DATASET: the BigQuery dataset that contains
the model.
MODEL: the name of the model.
CLASS_LEVEL_EXPLAIN: a BOOL value that specifies
whether global feature importances are returned for each class. Applies only
to non-AutoML Tables classification models. When set to FALSE, the global
feature importance of the entire model is returned rather than that of each
class. The default value is FALSE.
Regression models and AutoML Tables classification models only have
model-level global feature importance.
Output
The output of ML.GLOBAL_EXPLAIN has two formats:
For classification models with class_level_explain set
to FALSE, and for regression models, the following columns are returned:
feature: a STRING value that contains the feature name.

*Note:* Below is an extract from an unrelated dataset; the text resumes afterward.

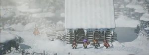 The Sundown Kid, along with the other six heroes, is transported to the Dominion of Hate by the will of Odio. As a recruitable party member, he is initially found outside the former cabin of Hasshe on the Last Hero's Grave. Each time he's spoken to, he will move to another location in Lucrece, from the Last Hero's Grave to the Seat of the Betrayers, with his whereabouts indicated by the direction he is moving towards. He finally confronts the party as they leave the Seat, where he's finally persuaded to join.

attribution: a FLOAT64 value that contains the feature importance to
the model overall.
For classification models with class_level_explain set to TRUE,
the following columns are returned:
<class_name>: a STRING value that contains the name of the class in the
label column.
feature: a STRING value that contains the feature name.
attribution: a FLOAT64 value that contains the feature importance to
this class.
For each class, only the top 10 most important features are returned.
Examples
The following examples assume your model is in your default project.
Regression model
This example gets global feature importance for the boosted tree regression
model mymodel in mydataset. The dataset is in your default project.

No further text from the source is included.